Superfoods never looked so good…

By Pat Lupica on September 15, 2021

With a string of holidays around the corner, along with access to abundant goodies that tend to include unhealthy fats and sugar, maintaining a healthy diet may be in the back of your mind - especially as it pertains to the unwelcomed extra pounds that hang around well after the holidays. With this in mind, the hunt is on for nutrient-dense foods that curb cravings, feed the microbiome, and ultimately energize the body while making it easier to enjoy some of those holiday treats without (too many) adverse effects. Wouldn't it be great to get to January 2022 without health or weight loss concerns?

Chia Seeds are one of the most nutrient-dense foods around. While the Chia Seed is trending in the natural foods space, this tiny nutty flavored seed is not new; it has been traced back to the Aztec and Mayan civilizations and was considered a super food in ancient times. It is traditionally soaked or cooked in liquid (rather than eating dry) because it expands as soon as it comes in contact with moisture, and a little goes a long way.

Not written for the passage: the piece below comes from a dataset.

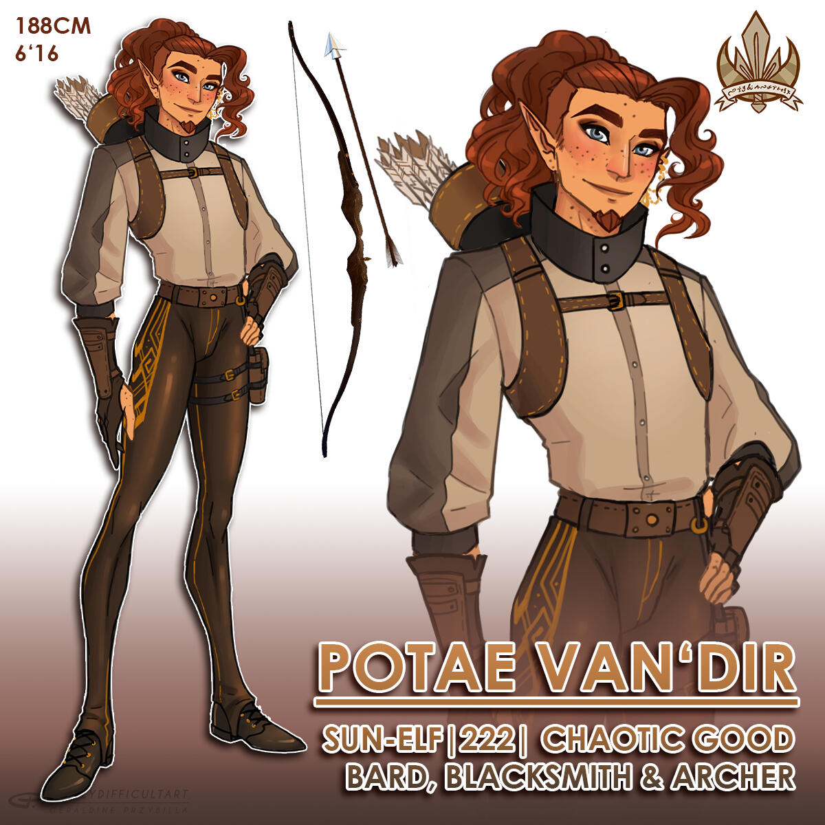 Potae was born in the port city of Waterdeep to his loving Parents Lael and Vulvin Van’dir. Two elves who have left their studies of magic and life on the magical island Everlund behind to spread the fine artisanship of elven smithing on the sword coast.

This tiny wholegrain gluten free seed caught my attention because of its amazing nutritional profile...One ounce of Chia Seeds has 10 grams of Fiber, 5 grams of Protein, and has more Omega-3 fatty acids than salmon.2

While fiber is not a nutrient, it is vital for digestive health; consequently, fiber is linked to weight loss and maintenance. Chia seeds primarily contain soluble fiber, which can slow digestion and prevent sugar spikes - think See's candy, pastries, and other sweets around the holidays. "Fiber intake is inversely associated with body weight and body fat…. the addition of dietary fiber generally decreases food intake and, hence, body weight". 4,5 Once you include fiber as a mainstay in your daily diet, you will find that those rich holiday foods will be less tempting. Your body will have a better chance of processing the rich foods, and elevated blood sugar levels can be better managed.  

Protein plays a role in a large range of functions in the body including making red blood cells that carry oxygen throughout the body, building muscle, and immune system support.3 This tiny chia seed can be incorporated in many foods to give you a boost of protein. This is precisely why we included this nutritional powerhouse in our Plant Pantry Panang Vegetable soup.

Omega-3s, polyunsaturated fat, influences many functions in the body to include energy creation, improves cholesterol levels, and supports healthy heart function.1 Chia seeds are also a rich source of antioxidants and they help the body absorb fat-soluble vitamins - A, D, E and K.6  You need healthy fats every day but it is especially important during the holiday season when your food choices may not be the best. 

If you have not guessed already, Chia Seeds are an important ingredient in OUR pantry. Our Panang Vegetable soup is made with Chia seeds along with other great ingredients like cauliflower, root vegetables, coconut milk, savory herbs, and Ayurvedicspices to include turmeric, ginger, and nigella (black cumin). This flavorful Thai inspired soup could easily be incorporated at the start of dinner - providing all the benefits already discussed or enjoyed at lunch - before hitting the potluck tables. 


Armed with her aunt’s amazing recipes, Pat founded Plant Pantry to put the wellness back in soups. She was raised on a plant-based diet but it wasn’t until she was well into adulthood that she realized the significant role nutrition plays in quality of life. Plant Pantry soups are incredibly creamy plant-based soups that are just as delicious as they are nutritious. In her spare time, Pat studies Nutrition Science - most recently at Stanford University. When she is not studying nutrition, you can find her cooking with her granddaughters, hiking, or enjoying the beach. 



  1. AMA, Polyunsaturated Fat, (nd)., accessed 7/28/21.
  2. Gunnars, K.(2018). 11 Proven Health Benefits of Chia Seeds, Healthline,
  3. MedlinePlus, nd. What are proteins and what do they do? What are proteins and what do they do?: MedlinePlus Genetics
  4. Slavin, J. (2013). Fiber and Prebiotics: Mechanisms and Health Benefits. Nutrients 2013, 5, 1417-1435; doi:10.3390/nu5041417, Nutrients | An Open Access Journal from MDPI
  5. Slavin, J. (2005). Dietary fiber and body weight. Science Direct, Nutrition,
    Volume 21, Issue 3, Pages 411-418,
  6. Link, R. 2019. Chia Seeds Benefits: The Omega-3, Protein-Packed Superfood.